Sands China Ltd, the Macau subsidiary of Las Vegas Sands, moved on to open the US$2.6 billion Venetian Macao in 2007, one of the most successful casino resorts in the city. But the company’s growth in Macau was not without its ups and downs.
Sands China had to go through a learning process to adapt to a new business culture. And it had its fair share of hiccups, struggling to get government authorisation to sell flats in the Four Seasons apartment hotel tower, and with officials rejecting the company’s application for additional land in Cotai on the sites known as parcels 7 and 8, although there was an agreement that Sands would be entitled to those plots.
Sands China is also entangled in a legal battle with former president and chief executive Steven Jacobs, who alleges he was wrongfully fired. Overall, the company became known by the high turnover levels among top-level executives: the latest to resign was chief operating officer David Sisk, who left the company last September.
Sands China has played a seminal role in bringing A-list entertainment and sport celebrities to Macau, helping to widen the city’s appeal as a tourism destination, as envisioned by Beijing. But ironically it had to shut down its Cirque du Soleil’s Zaia production at Venetian Macao in 2012, three and a half years into its 10-year contract, due to the poor attendance figures of the costly resident show.
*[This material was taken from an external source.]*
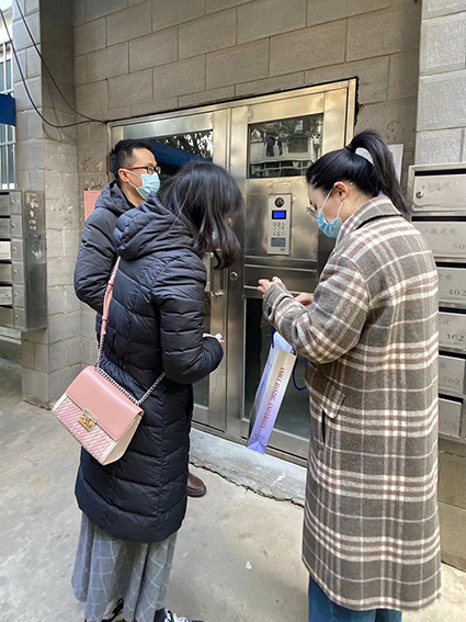 20日下午,支部8位包保联络员对北区13、14栋家属楼住户逐户进行走访,了解其居住情况、传达了学校疫情防控工作的新要求,并公布了联络员联系方式。为便于住户及时了解掌握全国中高风险疫情地区信息,减少接触和感染风险,做好自身防护,联络员向大家介绍了通过国务院客户端查看国家发布的疫区信息的方法。

The culture shock might have been greater than anticipated because of “the difference in corporate culture and legal practice between foreign firms in their home countries and Macau,” says Mr Ricardo Siu.
“I’m sure it isn’t easy for any foreign company to enter a new international market. Though Sands (as well as its competitors) have clearly figured out how to successfully operate here [Macau],” said Mr Govertsen.
Venetian Macao was the first property to open in Cotai, which is currently the centre of gaming in Macau, attracting millions of tourists every year.
In 2004, 16.7 million tourists visited Macau, a number that has grown to over 29 million visitors last year.
Yet, Macau is still forecast to gain more in terms of growth potential. “The industry as a whole may still be in its transition period from a traditional/regional structure to a modern/world-class structure,” says Mr Ricardo Siu.
That may still take a lot of effort. “There appears to be much to do to attract visitors from different jurisdictions [beyond Greater China] to make Macau a really regional (or international) gaming and recreation destination,” said Mr Carlos Siu.
One thing is certain: Macau has undergone a huge transformation over the last decade. Few could predict the growth it heralded since 2004. “We are confident … that there is likely to be much more than 10 years remaining with respect to the growth of demand for Macau on the part of mainland persons,” Mr Govertsen says.